(RECORDED INFORMATION Opens)

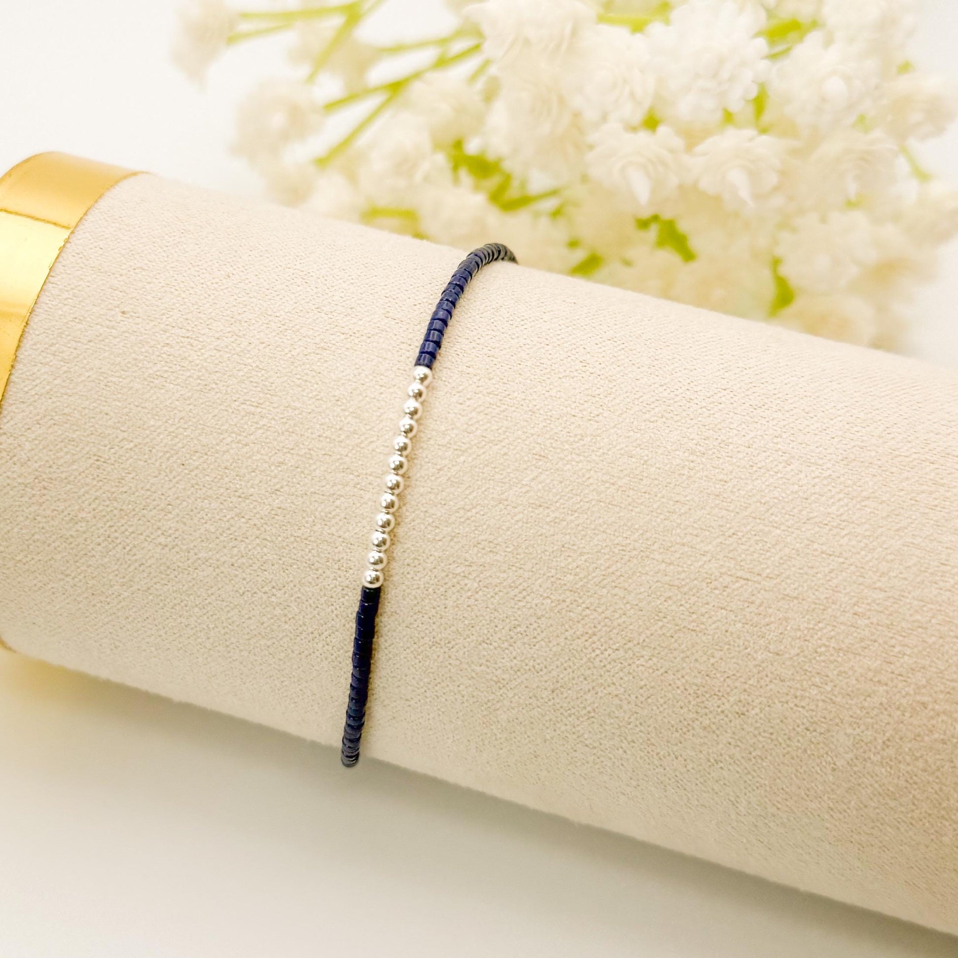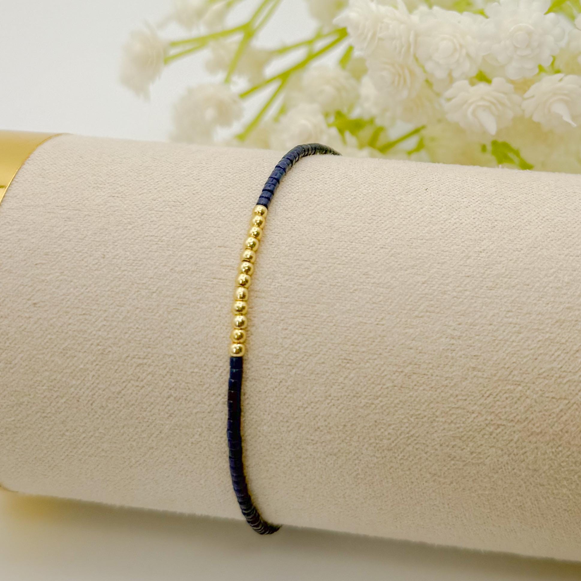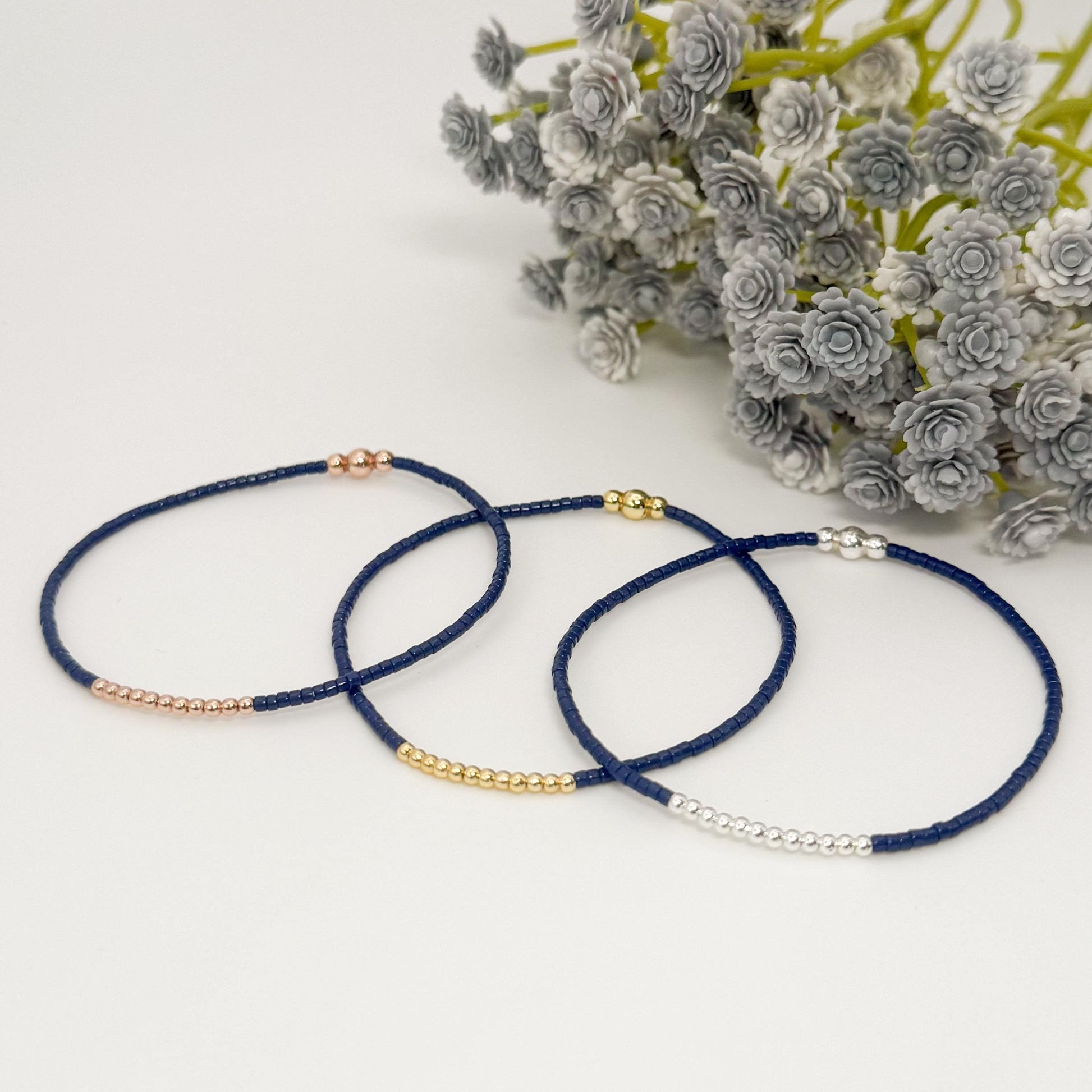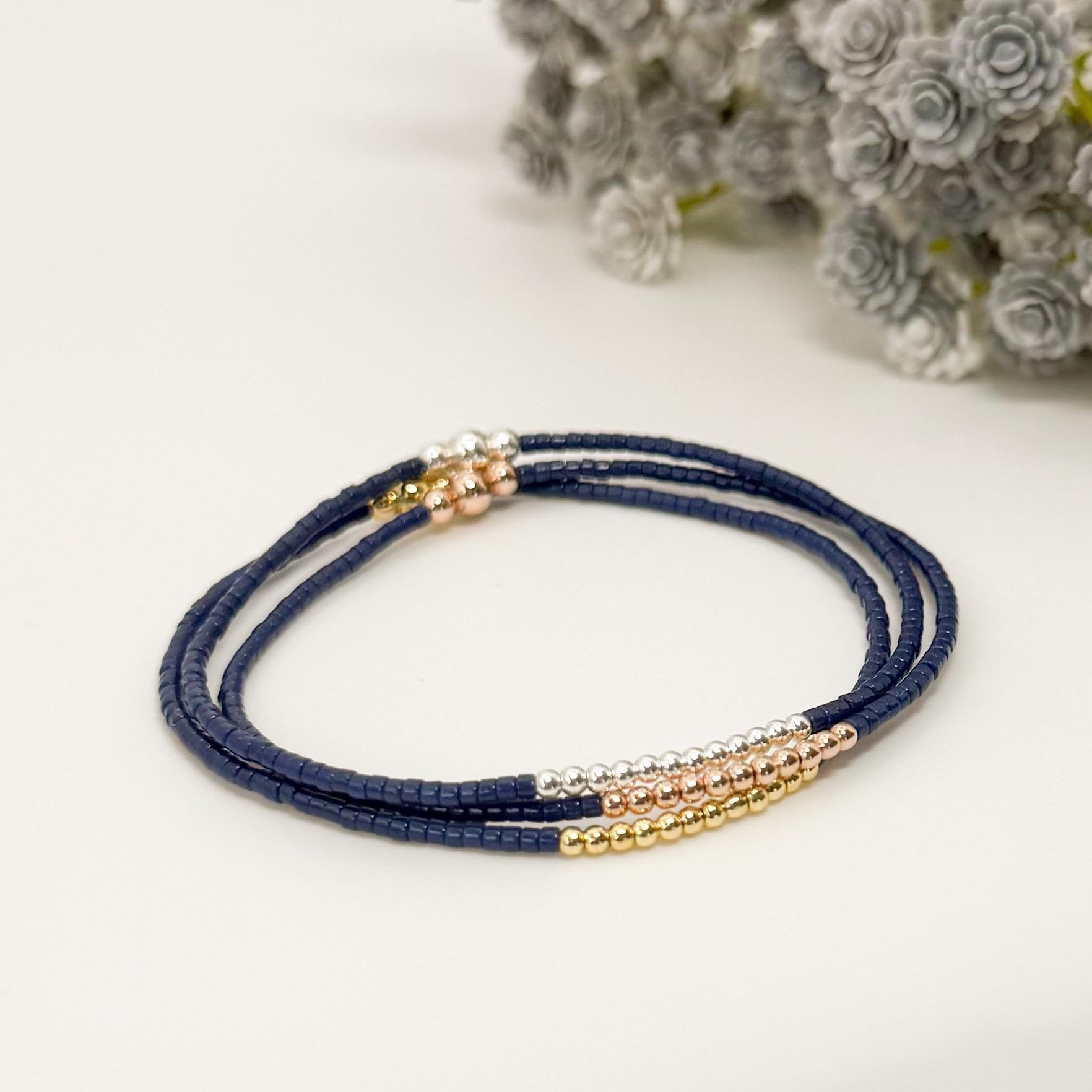Navy 3 tone bracelets | 18k gold filled with sterling silver and Rose gold beads | navy with mixed metals | tiny bead stretch bracelets
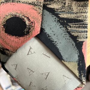 abstract pattern, vintage style, silk tie, geometric design, retro accessory, eclectic print, statement piece, artistic motif, classic neckwear, bold design
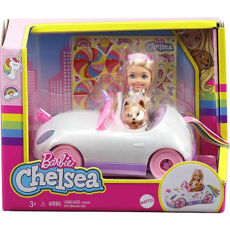 Små kreative hjerner vil opdage uendelige muligheder for leg, når de kører af sted sammen med Chelsea-dukken og hendes kæledyr i den yndige, enhjørningeinspirerede bil! Den supersøde, åbne bil, der har plads til Chelsea-dukken og hendes kæledyr, har et skinnende hvidt karrosseri og lilla kanter. Blandt de fantastiske detaljer, der sætter prikken over i’et, er et sølvfarvet ornament udformet som et enhjørningehoved og en hale i alle regnbuens farver. Børn kan bruge det medfølgende ark med klistermærker til at skabe et tema for Chelsea-dukkens køretur. Derefter kan de placere vennerne på sædet og tage dem med på alle mulige eventyr! Med alle de søde detaljer er Chelsea-legesættet en fantastisk gave til børn i alderen 3 til 7 år. Dukken på 15 cm kan ikke stå af sig selv. Farver og mønstre kan variere.

(RECORDED INFORMATION Closes)

THE TASK:
Write out the data word for word. Any picture is to be skipped.

ANSWER TO THE PROBLEM:
Navy 3 tone bracelets | 18k gold filled with sterling silver and Rose gold beads | navy with mixed metals | tiny bead stretch bracelets
 abstract pattern, vintage style, silk tie, geometric design, retro accessory, eclectic print, statement piece, artistic motif, classic neckwear, bold design
 Små kreative hjerner vil opdage uendelige muligheder for leg, når de kører af sted sammen med Chelsea-dukken og hendes kæledyr i den yndige, enhjørningeinspirerede bil! Den supersøde, åbne bil, der har plads til Chelsea-dukken og hendes kæledyr, har et skinnende hvidt karrosseri og lilla kanter. Blandt de fantastiske detaljer, der sætter prikken over i’et, er et sølvfarvet ornament udformet som et enhjørningehoved og en hale i alle regnbuens farver. Børn kan bruge det medfølgende ark med klistermærker til at skabe et tema for Chelsea-dukkens køretur. Derefter kan de placere vennerne på sædet og tage dem med på alle mulige eventyr! Med alle de søde detaljer er Chelsea-legesættet en fantastisk gave til børn i alderen 3 til 7 år. Dukken på 15 cm kan ikke stå af sig selv. Farver og mønstre kan variere.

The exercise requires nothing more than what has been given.